Mazmur 38 "Jangan Tinggalkan Aku, Ya Tuhan!"

Mazmur 38
(1) Mazmur Daud pada waktu mempersembahkan korban peringatan. (2) TUHAN, janganlah menghukum aku dalam geram-Mu, dan janganlah menghajar aku dalam kepanasan murka-Mu; (3) sebab anak panah-Mu menembus aku, tangan-Mu telah turun menimpa aku.

(4) Tidak ada yang sehat pada dagingku oleh karena amarah-Mu, tidak ada yang selamat pada tulang-tulangku oleh karena dosaku; (5) sebab kesalahanku telah menimpa kepalaku; semuanya seperti beban berat yang menjadi terlalu berat bagiku. (6) Luka-lukaku berbau busuk, bernanah oleh karena kebodohanku; (7) aku terbungkuk-bungkuk, sangat tertunduk; sepanjang hari aku berjalan dengan dukacita. (8 ) Sebab pinggangku penuh radang, tidak ada yang sehat pada dagingku; (9) aku kehabisan tenaga dan remuk redam, aku merintih karena degap-degup jantungku.

(22) Jangan tinggalkan aku, ya TUHAN, Allahku, janganlah jauh dari padaku! (23) Segeralah menolong aku, ya Tuhan, keselamatanku!

Seringkali kita mengalami penderitaan yang multi dimensi: perasaan bersalah akibat dosa kita, penyakit atau kelemahan fisik (entah yang kita alami atau sedang dialami oleh orang yang kita kasihi), merasa terisolasi dari orang lain, ditambah dengan tekanan dari pihak lain yang sepertinya berusaha untuk menghancurkan hidup kita.
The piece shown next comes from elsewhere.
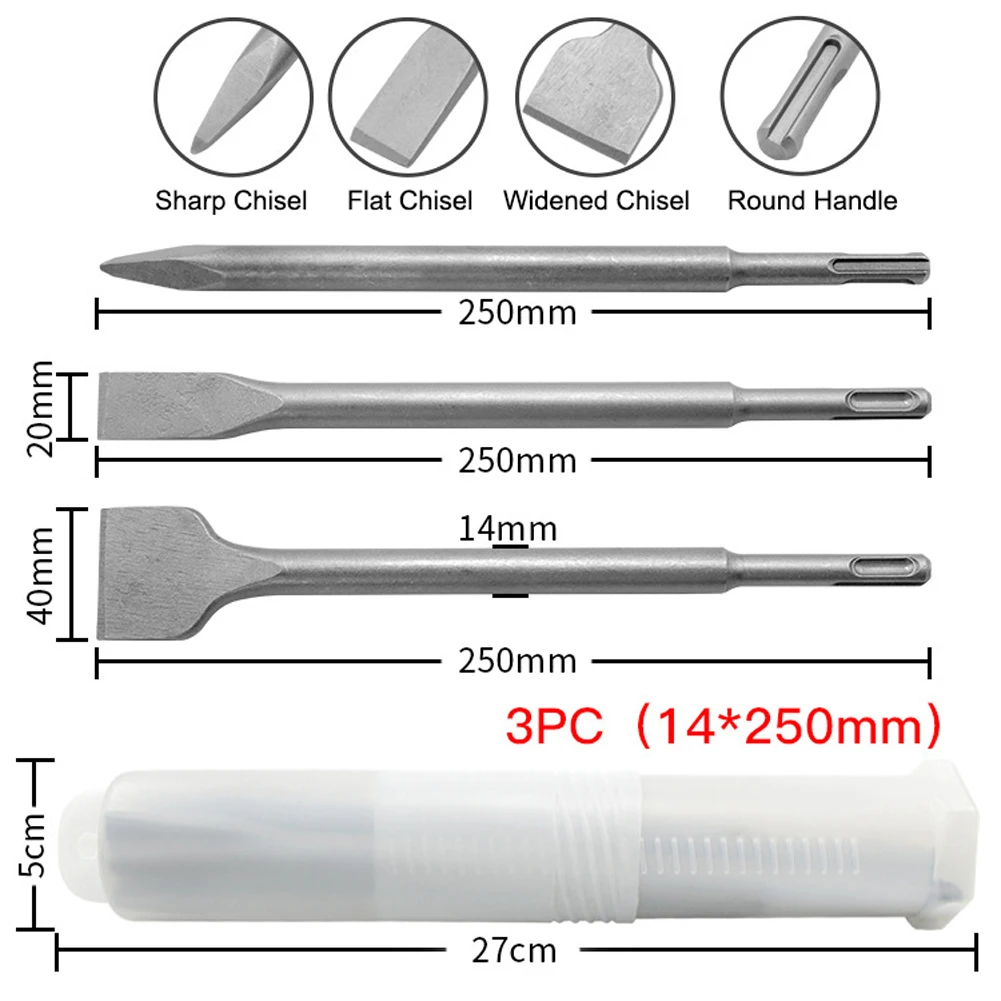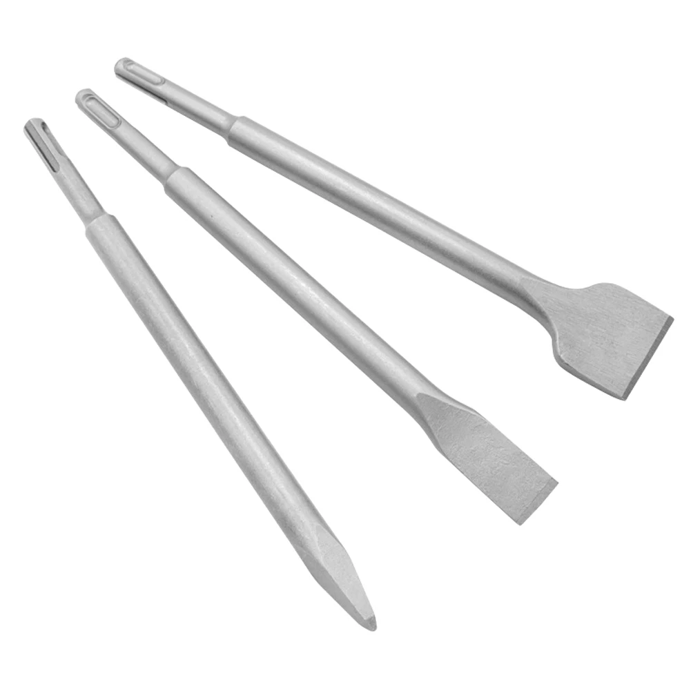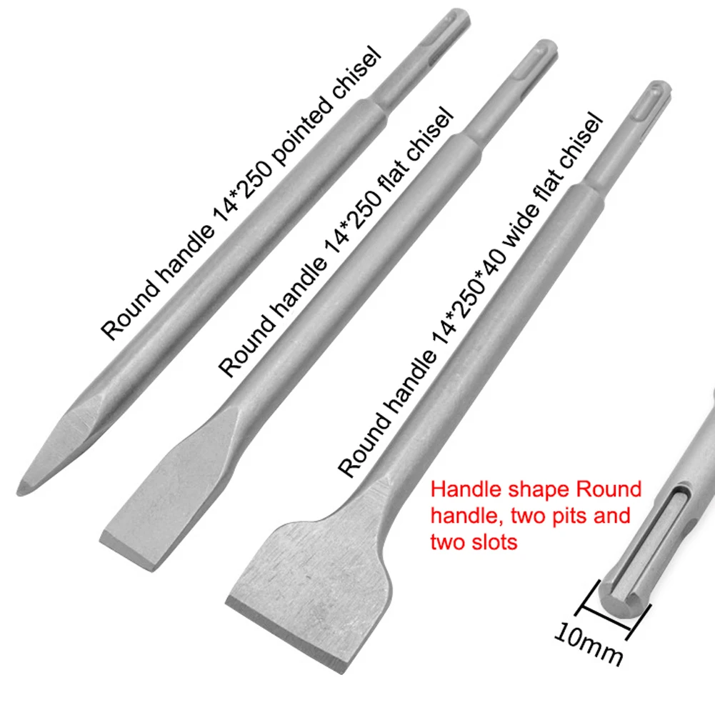 Купить 3PC Electric Hammer Chisel Round Handle Pointed Flat Pits Slots Set Impact Drill Concrete Wall Excavation |

Di Mazmur ini kita melihat betapa kompleks dan berlapisnya penderitaan yang kita lalui, tetapi pada saat yang sama kita juga melihat betapa multi dimensinya pertolongan Tuhan bagi kita.

Pertolongan Tuhan datang dalam bentuk hajaran Tuhan. Bagian awal dari Mazmur ini konsisten dengan bagaimana Tuhan Allah memperlakukan anak-anak-Nya.

Karena Tuhan menghajar orang yang dikasihi-Nya, dan Ia menyesah orang yang diakui-Nya sebagai anak. (Ibr 12:6)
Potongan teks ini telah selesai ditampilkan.